Bitcoin fees spiked after halving, which coincides with the launch of Runes protocol and higher-than-usual network activity.

Posted April 24, 2024

HUB - Bitcoin fees spiked to $128 on Halving before coming back down
HUB - Bitcoin fees spiked to $128 on Halving before coming back down

Bitcoin’s most recent “halving” took place on Friday night, with the price of Bitcoin holding steady at approximately $63,907 on April 20th, 2024. Coincidentally, transaction fees have surged dramatically, averaging up to $128.45. This figure sets a new record, which is over seven times greater than the average fees of the previous day, and doubling the previous record set three years ago.
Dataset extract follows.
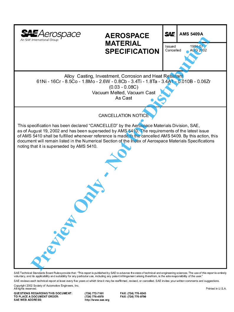 This specification covers a corrosion and heat resistant nickel alloy in the form of investment castings.
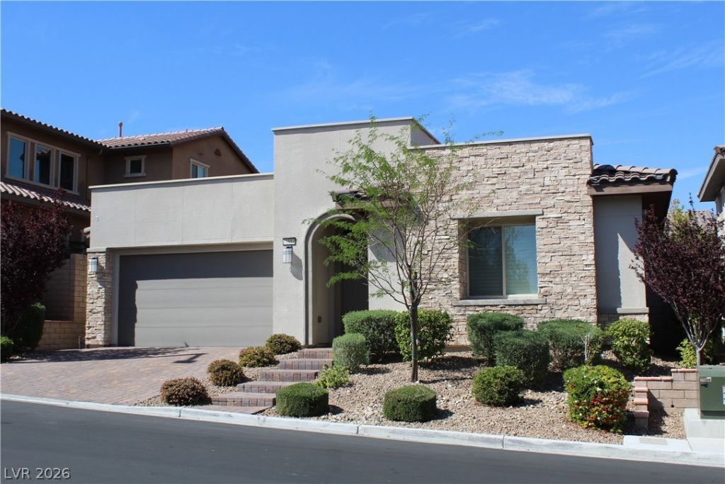 Stunning single-story in gated Savona in the Paseos of Summerlin. Thoughtfully designed open-concept layout ideal for everyday living & entertaining. The chef's kitchen features quartz countertops, an oversized island, full-height cabinetry, built-in Sub-Zero refrigerator, stainless steel appliances, beverage fridge & walk-in pantry, all flowing into sophisticated living spaces with abundant natural light, tile flooring, plantation shutters & dimmable recessed lighting. Dual sliding doors open to a private, custom tiled courtyard with a custom stacked stone fireplace, creating seamless indoor-outdoor living. A separate covered patio & two pergolas extend the outdoor space adjacent to the dining area, all set within lush, mature landscaping. The split floor plan offers privacy with a spacious primary suite featuring a spa-inspired en-suite, a 2nd bedroom adjacent to the hall bath, and a 3rd bedroom with its own en-suite. Located near top-rated schools, parks, trails, shopping & dining.

Runes protocol — the culprit behind the rise in fees?

The launch of the Runes protocol was planned to coincide with Halving. While this may initially sound as if the protocol was attempting to steal Bitcoin’s spotlight, it represents a new advancement in the Bitcoin space. Runes protocol creator Casey Rodarmor developed it as a new way to issue fungible tokens on Bitcoins, akin to Ethereum’s ERC-20. This soon enables the creation of various assets like memecoins and governance tokens on the Bitcoin network.
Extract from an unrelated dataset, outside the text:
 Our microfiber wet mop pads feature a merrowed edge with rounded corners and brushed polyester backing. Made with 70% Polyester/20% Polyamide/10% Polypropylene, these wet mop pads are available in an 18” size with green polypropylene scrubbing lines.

The incredibly fast adoption of Runes led to a rise in Bitcoin’s transaction fees due to higher-than-usual network activity. However, the impact of this standard is gradually diminishing. At the time of writing, Bitcoin’s average transaction fee was close to $30. This decrease could indicate the Bitcoin network’s resilience against abrupt changes to network activity. This resilience actually mirrors Bitcoin’s historical ability to endure transaction surges and fee spikes.

Bitcoin median transaction fees past 14 by Dune
Bitcoin fees dropped sharply after 20 April (post-halving). Credits: Dune Analytics

An earlier technology that paved the way for Runes is the Ordinals protocol, which debuted in December 2022. Ordinals brought a groundbreaking cultural movement to Bitcoin by enabling users to embed items such as images, audio, and code files on the Bitcoin blockchain.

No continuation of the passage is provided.